Images excepted, the data below must be repeated exactly.

Data segment -
++++++++++++++++++++
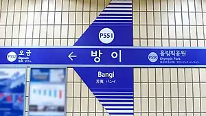 Bangi Station is a subway station on Seoul Subway Line 5 in Songpa-gu, Seoul.[1][2][3]
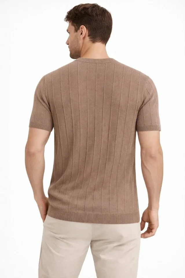 Erkek Yazlık Fitilli Triko Tişört Kısa Kol Bisiklet Yaka T-Shirt – Kahverengi
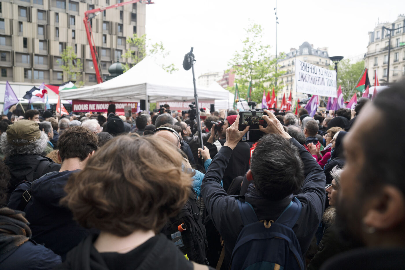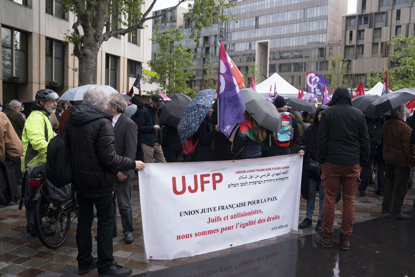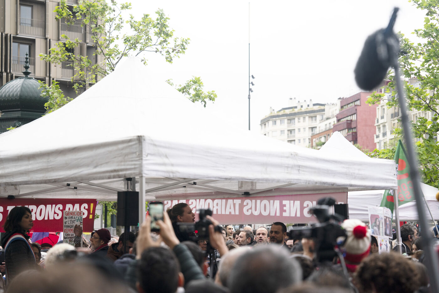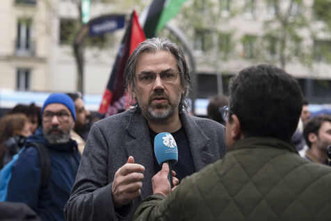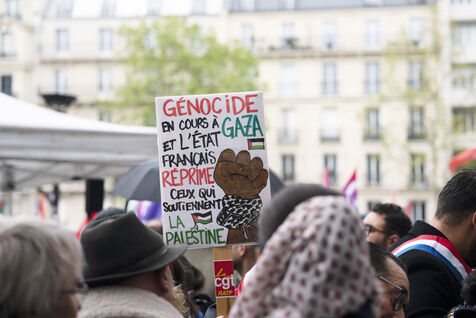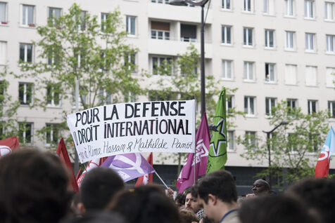 Gathering against the criminalization of voices for peace, in support of Mathilde Panot and Rima Hassan summoned by the police for apologie for terrorism this Tuesday, April 30, 2024, in Paris.
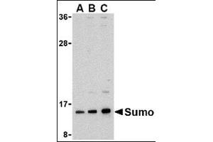 The sumo family of proteins is related both structurally and functionally to ubiquitin in that they are post-translationally attached to the e-amino group of a lysine residue of the substrate protein. This sumoylation plays a number of roles in DNA replication and repair, protein targeting to various subnuclear structures, and the regulation of numerous cellular processes including the inflammatory response in mammalian cells. Sumo was initially identified as a covalent modification of RanGAP1 in studies on nuclear import in mammalian cells. More recently, sumo has been shown to be involved in the regulation of transcription factors, possibly by enhancing their interactions with co-repressors. Sumo is also thought to play some role in the modulation of ubiquitin-mediated degradation of proteins by acting as an inhibitor. At least four different isoforms of sumo are known to exist.Synonyms: GAP-modifying protein 1, GMP1, SMT3 homolog 3, SMT3C, SMT3H3, Sentrin, Small ubiquitin-related modifier 1, UBL1, Ubiquitin-homology domain protein PIC1, Ubiquitin-like protein SMT3C, Ubiquitin-like protein UBL1
++++++++++++++++++++
Solution to this task -
 Bangi Station is a subway station on Seoul Subway Line 5 in Songpa-gu, Seoul.[1][2][3]
 Erkek Yazlık Fitilli Triko Tişört Kısa Kol Bisiklet Yaka T-Shirt – Kahverengi
 Gathering against the criminalization of voices for peace, in support of Mathilde Panot and Rima Hassan summoned by the police for apologie for terrorism this Tuesday, April 30, 2024, in Paris.
 The sumo family of proteins is related both structurally and functionally to ubiquitin in that they are post-translationally attached to the e-amino group of a lysine residue of the substrate protein. This sumoylation plays a number of roles in DNA replication and repair, protein targeting to various subnuclear structures, and the regulation of numerous cellular processes including the inflammatory response in mammalian cells. Sumo was initially identified as a covalent modification of RanGAP1 in studies on nuclear import in mammalian cells. More recently, sumo has been shown to be involved in the regulation of transcription factors, possibly by enhancing their interactions with co-repressors. Sumo is also thought to play some role in the modulation of ubiquitin-mediated degradation of proteins by acting as an inhibitor. At least four different isoforms of sumo are known to exist.Synonyms: GAP-modifying protein 1, GMP1, SMT3 homolog 3, SMT3C, SMT3H3, Sentrin, Small ubiquitin-related modifier 1, UBL1, Ubiquitin-homology domain protein PIC1, Ubiquitin-like protein SMT3C, Ubiquitin-like protein UBL1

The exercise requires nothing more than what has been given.